■ Input:
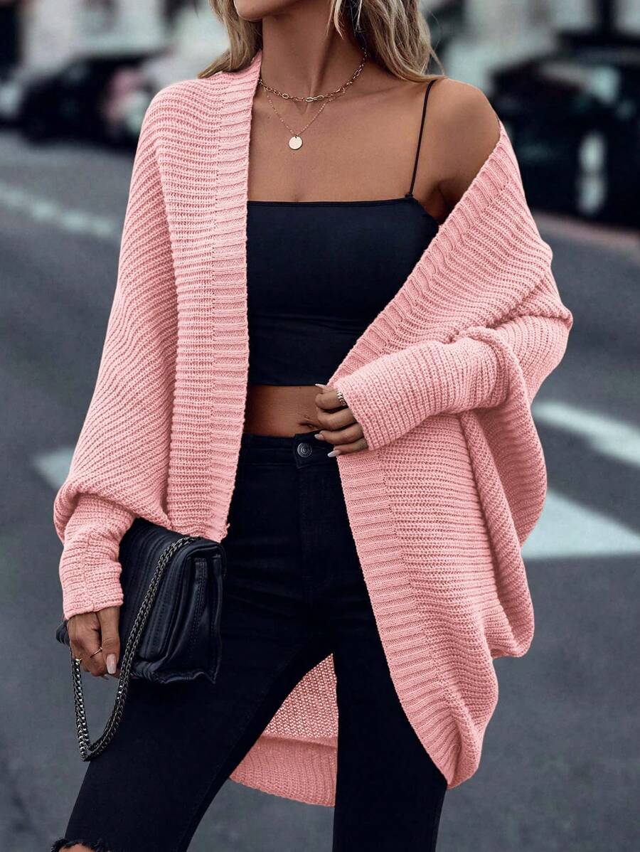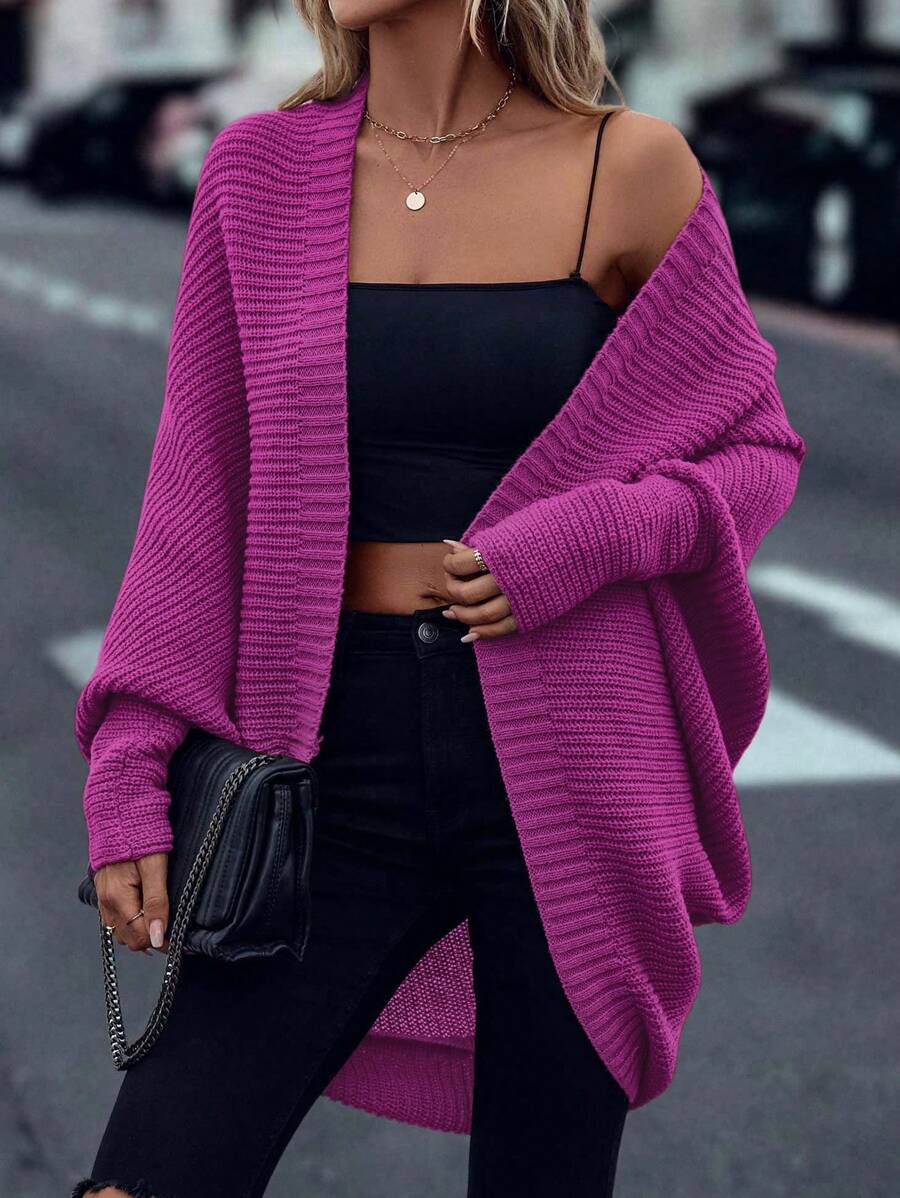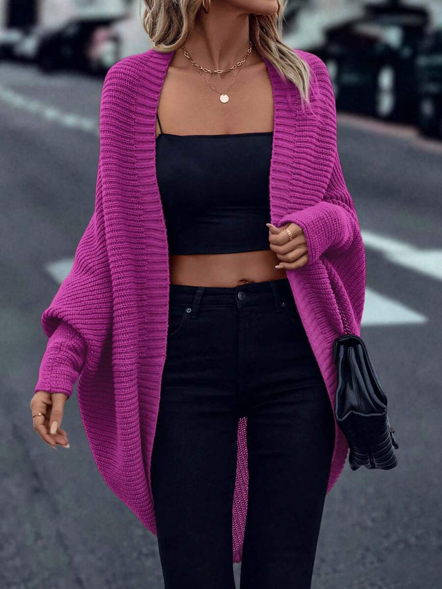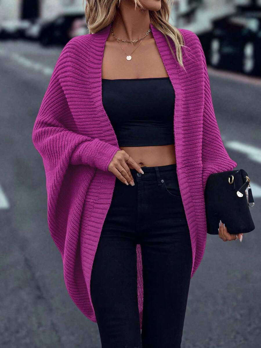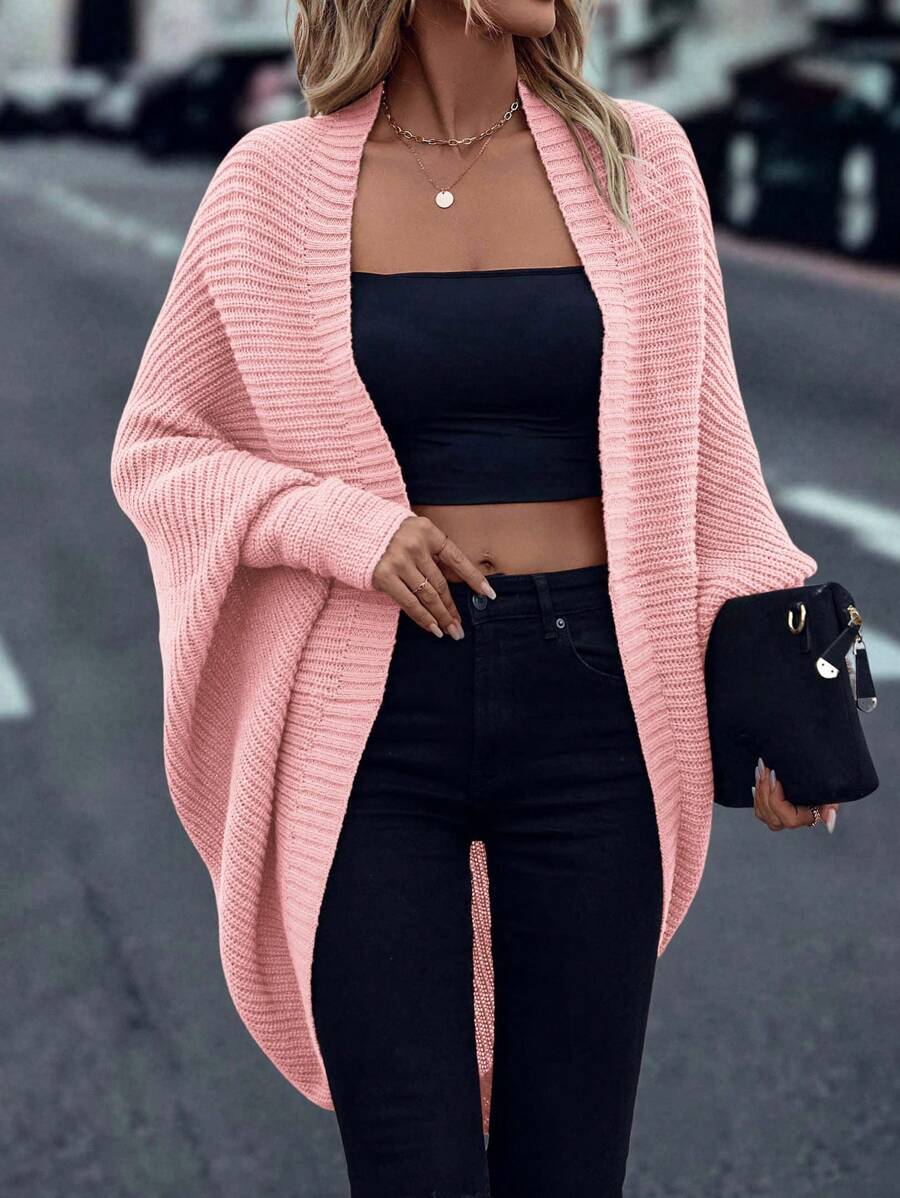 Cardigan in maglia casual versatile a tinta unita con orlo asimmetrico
--
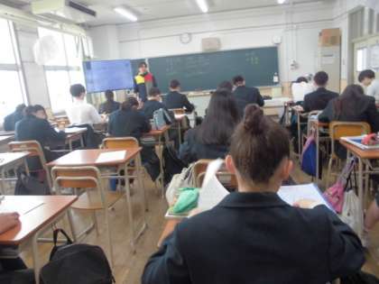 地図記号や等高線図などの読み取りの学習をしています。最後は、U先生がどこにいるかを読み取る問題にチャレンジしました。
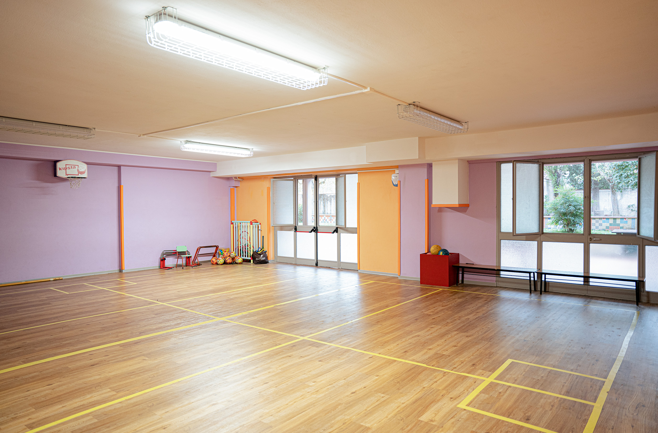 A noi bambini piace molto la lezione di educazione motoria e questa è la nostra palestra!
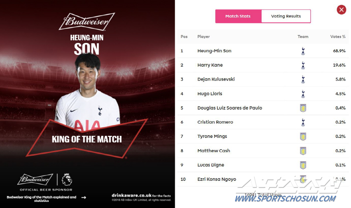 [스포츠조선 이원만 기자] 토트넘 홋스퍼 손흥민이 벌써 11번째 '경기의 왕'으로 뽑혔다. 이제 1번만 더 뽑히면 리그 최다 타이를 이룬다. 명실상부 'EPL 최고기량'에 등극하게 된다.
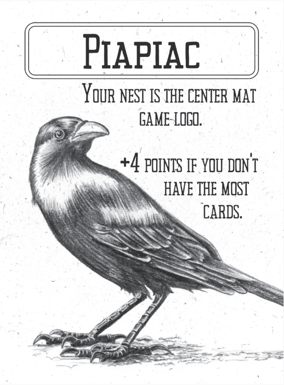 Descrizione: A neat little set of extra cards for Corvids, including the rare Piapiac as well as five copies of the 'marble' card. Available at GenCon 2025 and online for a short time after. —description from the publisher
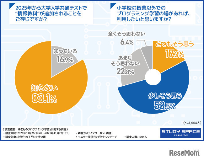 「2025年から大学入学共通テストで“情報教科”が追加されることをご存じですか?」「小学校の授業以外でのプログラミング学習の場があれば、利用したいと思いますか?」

■ Instructions for the task:
Your task is to copy only the lines above starting at the one containing "地図記号や等高線図などの読み" and ending at the one containing "Descrizione: A neat". Copy them exactly, both ends included, and omit the pictures.

■ Task answer:
 地図記号や等高線図などの読み取りの学習をしています。最後は、U先生がどこにいるかを読み取る問題にチャレンジしました。
 A noi bambini piace molto la lezione di educazione motoria e questa è la nostra palestra!
 [스포츠조선 이원만 기자] 토트넘 홋스퍼 손흥민이 벌써 11번째 '경기의 왕'으로 뽑혔다. 이제 1번만 더 뽑히면 리그 최다 타이를 이룬다. 명실상부 'EPL 최고기량'에 등극하게 된다.
 Descrizione: A neat little set of extra cards for Corvids, including the rare Piapiac as well as five copies of the 'marble' card. Available at GenCon 2025 and online for a short time after. —description from the publisher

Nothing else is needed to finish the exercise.